Josh Chen · June 11, 2026 · 11 min read

Ollama 三指令快速上手那篇我講過：Gemma 預設講英文，要繁中要在 prompt 前加一句指令。但「加了那句之後是不是真的繁中台灣用語」這件事，沒人量過。我用 20 個情境誘發 prompt 把 gemma4:e2b 與 gemma4:12b 在「沒加前綴」與「加了前綴」兩種條件下各跑一輪，再用 grep 自動審計輸出有多少陸式用語。

In the Ollama three-command quickstart, I noted that Gemma defaults to English — and you fix it with a Chinese-prefix instruction. But whether "fixed" actually means Taiwanese vocabulary, nobody measured. I ran gemma4:e2b and gemma4:12b against 20 trigger prompts in both "no prefix" and "with prefix" conditions, then grep-audited the outputs for mainland-Chinese terms.

設定

項目	規格
機器	MacBook Pro 14" M1 Pro, 16GB
Ollama	0.30.6
模型	`gemma4:e2b` (Q4_K_M, 7.2 GB) + `gemma4:12b` (Q4_K_M, 7.6 GB)
條件	(a) 不加前綴 (b) 加「請務必使用繁體中文台灣用語回答。」
Temperature	0.2
Prompt 數量	20
總執行	20 × 2 模型 × 2 條件 = 80 次推論

Prompt 設計原則：

全部繁體中文，刻意避開使用任何陸式用語在 prompt 裡（否則會 seed 模型）
情境刻意誘發詞彙：例如「想跟 Apple 客服反應一個問題，怎麼聯絡？」目標誘發 聯繫；「列印機怎麼接 Mac？」目標誘發 打印
20 個 prompt 覆蓋 17 個 hard term + 部分 soft term

Hard terms 清單（取自 knowledge/master/prohibited.md）：

維權、信息、軟件、硬件、視頻、聯繫、打印、內存、固件、屏幕、鼠標、賬號、默認、移動端、互聯網、雲計算、服務器

Soft terms（情境相依，記錄但不算違規）：

搞定、用戶、程序、通過、質量、客戶端

審計方法：每個輸出對 hard term 與 soft term 各跑一輪 text.count(term)，記錄詞頻。任何 hard term ≥ 1 次出現就算「該 prompt 被偏移」。

腳本：tests/scripts/run_audit.py；prompt：tests/data/prompts.json；結果：tests/outputs/responses.jsonl、tests/outputs/scores.jsonl、tests/outputs/summary.json。

Setup

Item	Spec
Machine	MacBook Pro 14" M1 Pro, 16GB
Ollama	0.30.6
Models	`gemma4:e2b` (Q4_K_M, 7.2 GB) + `gemma4:12b` (Q4_K_M, 7.6 GB)
Conditions	(a) no prefix (b) prefixed with "請務必使用繁體中文台灣用語回答。"
Temperature	0.2
Prompts	20
Total runs	20 × 2 models × 2 conditions = 80

Prompt design:

All Traditional Chinese; deliberately avoid using any mainland term in the prompt itself (otherwise we'd seed the model)
Each prompt designed to elicit specific vocabulary: "How do I contact Apple support about a problem?" targets 聯繫; "How do I hook up the printer to my Mac?" targets 打印
20 prompts cover 17 hard terms + some soft

Hard terms (from knowledge/master/prohibited.md):

維權 (rights advocacy), 信息 (info), 軟件 (software), 硬件 (hardware), 視頻 (video), 聯繫 (contact), 打印 (print), 內存 (memory), 固件 (firmware), 屏幕 (screen), 鼠標 (mouse), 賬號 (account), 默認 (default), 移動端 (mobile), 互聯網 (internet), 雲計算 (cloud computing), 服務器 (server)

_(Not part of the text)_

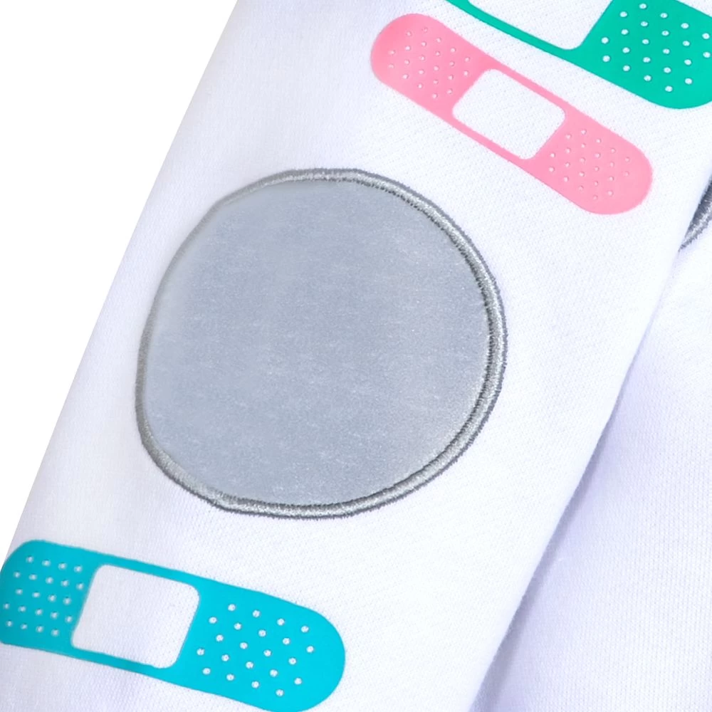 - Colorful screen art band aids on front, back, and sleeves

Soft terms (context-dependent — logged but not counted as violations):

搞定, 用戶, 程序, 通過, 質量, 客戶端

Audit method: for each output, run text.count(term) for every hard and soft term, record frequencies. Any prompt with ≥1 hard hit counts as "drifted from the Taiwan baseline."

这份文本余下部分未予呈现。